26. 02. 2024 | MFI Asset Management

Kommentar: ESG in der Finanzbranche

Anlegerakzeptanz nur durch Überzeugungsarbeit möglich
ESG in der Finanzbranche – mein Zwischenfazit

Anfang Februar fand in Berlin wieder die Konferenz „Sustainable Finance and Biodiversity“ statt und ich konnte auf Einladung von Frau Verena Menne, Geschäftsführerin des FNG das erste Mal daran teilnehmen.
Die Arbeit des Sustainable-Finance-Beirats hat mich tief beeindruckt. Wir haben bei uns in der LAIQON AG zudem das Privileg, mit Herrn Michael Schmidt (Senior Advisor) einen echten Experten dieses Gremiums im Unternehmen an Bord zu haben. Als ständiges Mitglied im Sustainable Finance-Beirats der Bundesregierung setzt er sich aktiv für die Stärkung der finanziellen Risikobewältigung und für die Förderung für mehr Transparenz und Langfristigkeit in der Finanz- und Wirtschaftswelt ein.
Zugegebenermaßen habe auch ich mich anfangs gefragt, ob die Online-Teilnahme nicht völlig ausreichend ist aber dann „live“ dabei zu sein war doch etwas ganz anderes. Wertvolle und inspirierenden Gedanken aus den Vorträgen und Podiumsdiskussionen und viele Pausentalks haben bei mir die Dringlichkeit des Themas wieder in den Fokus gerückt und waren ein absoluter Mehrwert.

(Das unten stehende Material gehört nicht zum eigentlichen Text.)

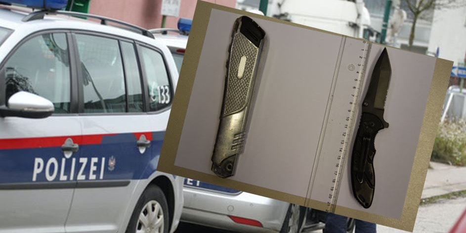 Ein Pärchen soll mit diesen beiden Messern (Insert) zwei Jugendliche bedroht haben.

Die Fragen zum Thema Nachhaltigkeit bewegen uns alle:

▪ Warum ist Biodiversität wichtig?
▪ Wen betrifft das überhaupt?
▪ Was bedeutet Biodiversität für die Finanzwelt?
▪ Wie wird Biodiversität eigentlich gemessen?
▪ Wo stehen wir bisher mit unseren Handlungen?

Folgende Erkenntnisse konnte ich bei den Vorträgen und Podiumsdiskussionen gewinnen:

Alle, der Finanzsektor wie auch die Industrie, steht vor großen Herausforderungen in der Berücksichtigung von ESG. Besonders in der Erhaltung der Biodiversität, der Landwirtschaft und den Waldökosystemen. Die Datenlage wurde allgemein als sehr gut bezeichnet. Jedoch beim Großteil der Teilnehmer war ersichtlich, dass die Deutung der Daten aufgrund einer fehlenden einheitlichen und unmissverständlichen „Sustainable Financial Language“, ein großes Potenzial an nicht zielführenden unternehmensisolierten Strategien zur Folge hat. Viele sind überfordert und holen sich teure ESG-Beratungen, wobei doch gesagt werden muss, dass die Einordnung der Geschäftsprozesse, Produkte und Dienstleistungen nie allein den Beraterinnen und Beratern überlassen werden kann. Die Beachtung der Core-Produkte oder -Dienstleistungen unter Berücksichtigung des Marktes, der Nachfrage und Anleger-Akzeptanz darf bei allen Aktionen im Unternehmen nicht zu dessen Unwirtschaftlichkeit führen (Anlegerinnen und Anleger verprellen, Mitarbeiter frustrieren, usw.).

Noch war großer Enthusiasmus spürbar aber auch die Sorge, wie es zielgerichtet weitergehen soll. Alle müssen mit anpacken, das war Konsens und jedem der Teilnehmerinnen und Teilnehmer bewusst.
Wir von LAIQON, mit Herrn Dr. Robin Braun, Head of Group Sustainability, sehen uns der Herausforderung täglich gestellt: Wie funktioniert Veränderung bei uns? Wie verankern wir ESG in die Unternehmenskultur, ohne unseren eigentlichen Auftrag der Anlegerinnen und Anleger außer Acht zu lassen?

Im laufenden "Informieren" und "Kommunizieren" sehen wir unsere wichtigste Aufgabe im Moment, unsere Kollegen und Kolleginnen mitzunehmen. Schritt für Schritt Überzeugungsarbeit zu leisten, dass Biodiversität und Klimaschutz zentrale Themen unserer Zeit sind und langfristig die Zukunftsfähigkeit unseres Unternehmens sichert. Dadurch entsteht Mehrwert für uns, die Anlegerinnen und Anleger und auch langfristig für die gesamte Gesellschaft.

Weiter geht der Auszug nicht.